**Provided information**

********

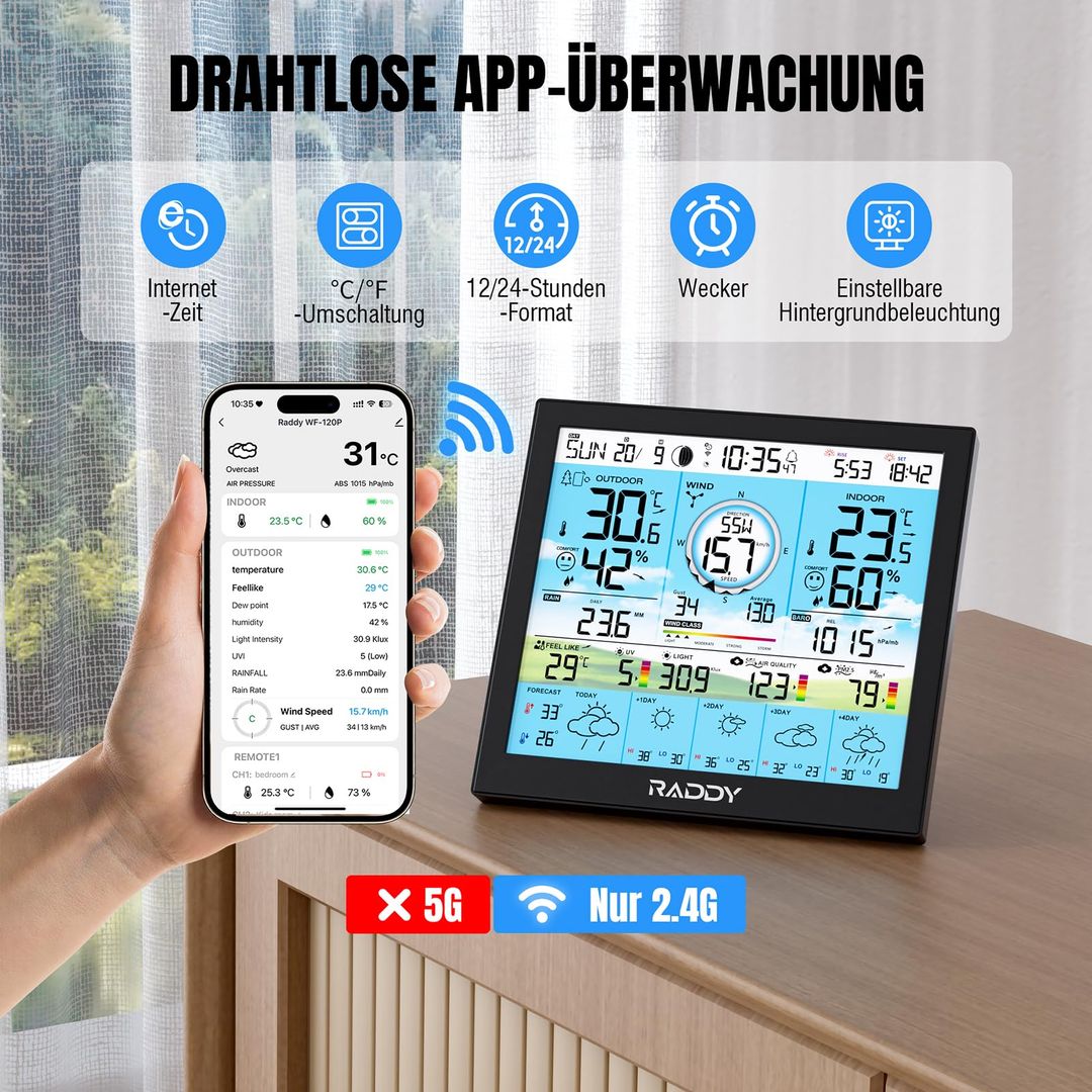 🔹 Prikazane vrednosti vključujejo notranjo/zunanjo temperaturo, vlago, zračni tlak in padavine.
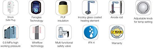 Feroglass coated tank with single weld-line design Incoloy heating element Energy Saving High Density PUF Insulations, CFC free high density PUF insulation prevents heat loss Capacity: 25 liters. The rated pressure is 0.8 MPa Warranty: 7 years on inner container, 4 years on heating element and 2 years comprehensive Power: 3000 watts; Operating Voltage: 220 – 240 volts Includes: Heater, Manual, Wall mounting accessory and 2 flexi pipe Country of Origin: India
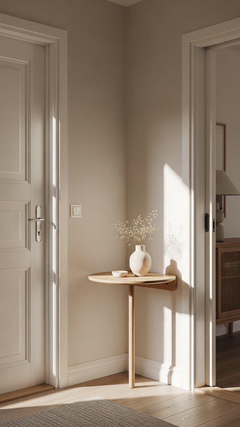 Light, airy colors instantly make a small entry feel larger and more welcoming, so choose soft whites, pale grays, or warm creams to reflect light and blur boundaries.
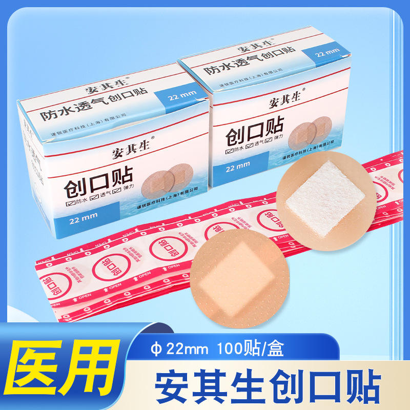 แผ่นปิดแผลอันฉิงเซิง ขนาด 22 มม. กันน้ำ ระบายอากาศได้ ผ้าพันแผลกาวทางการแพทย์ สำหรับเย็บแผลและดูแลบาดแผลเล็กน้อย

********

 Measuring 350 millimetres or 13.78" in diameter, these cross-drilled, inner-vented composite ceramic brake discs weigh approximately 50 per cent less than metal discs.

********

**Assignment**
Your answer must be the exact lines from the records above, from the one containing "tlak in padavine." through the one containing "Feroglass coated tank", both included, with every picture left out.

**The answer**
 🔹 Prikazane vrednosti vključujejo notranjo/zunanjo temperaturo, vlago, zračni tlak in padavine.
 Feroglass coated tank with single weld-line design Incoloy heating element Energy Saving High Density PUF Insulations, CFC free high density PUF insulation prevents heat loss Capacity: 25 liters. The rated pressure is 0.8 MPa Warranty: 7 years on inner container, 4 years on heating element and 2 years comprehensive Power: 3000 watts; Operating Voltage: 220 – 240 volts Includes: Heater, Manual, Wall mounting accessory and 2 flexi pipe Country of Origin: India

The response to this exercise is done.